Task objective:
Every line of the listing below is to be repeated exactly; the pictures stay out.

Provided material:
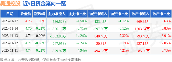 证券之星消息,截至2025年11月17日收盘,吴通控股(300292)报收于4.75元,上涨1.06%,换手率2.25%,成交量25.14万手,成交额1.19亿元。
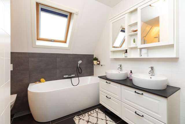 Eerste verdieping: overloop, grote ouderslaapkamer voorzien van drie dakramen en inbouwkasten, 2e ruime slaapkamer met inloopkast, badkamer voorzien van inloopdouche, wc, ligbad en wastafelmeubel, trapkast, 3e ruime slaapkamer met studeerhoek/inloopkast.
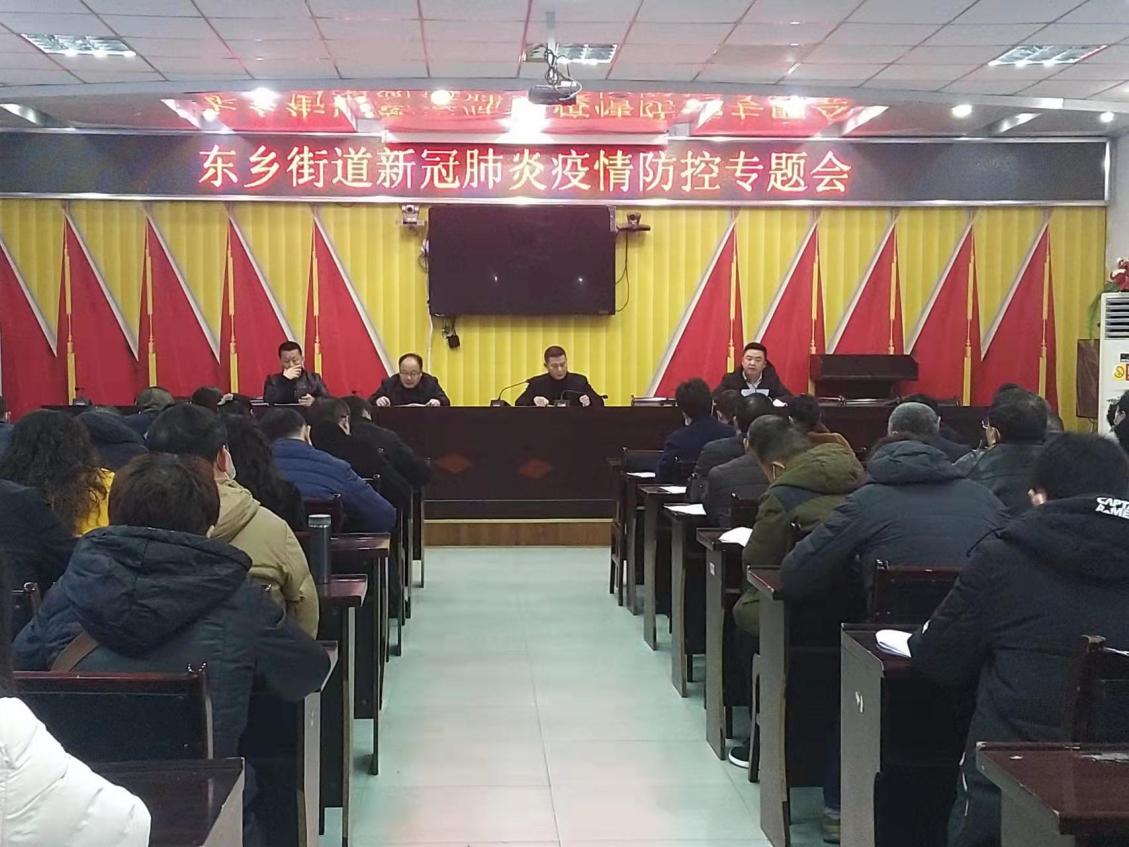 近日,按照“科学应对,群防群控”的原则,东乡街道党工委召开疫情防控专题会,学习和传达省市县专题会议精神,研究部署2022年春节前后新冠肺炎疫情防控工作。东乡街道疫情防控负责人张浩廉表示:我们要将疫情防控工作落实到基层,在各村(社区)加强返乡人员,特别是重点地区返回人员的排查,落实管控措施,同时要加大宣传力度,筑牢疫情防控第一线。

Your solution:
 证券之星消息,截至2025年11月17日收盘,吴通控股(300292)报收于4.75元,上涨1.06%,换手率2.25%,成交量25.14万手,成交额1.19亿元。
 Eerste verdieping: overloop, grote ouderslaapkamer voorzien van drie dakramen en inbouwkasten, 2e ruime slaapkamer met inloopkast, badkamer voorzien van inloopdouche, wc, ligbad en wastafelmeubel, trapkast, 3e ruime slaapkamer met studeerhoek/inloopkast.
 近日,按照“科学应对,群防群控”的原则,东乡街道党工委召开疫情防控专题会,学习和传达省市县专题会议精神,研究部署2022年春节前后新冠肺炎疫情防控工作。东乡街道疫情防控负责人张浩廉表示:我们要将疫情防控工作落实到基层,在各村(社区)加强返乡人员,特别是重点地区返回人员的排查,落实管控措施,同时要加大宣传力度,筑牢疫情防控第一线。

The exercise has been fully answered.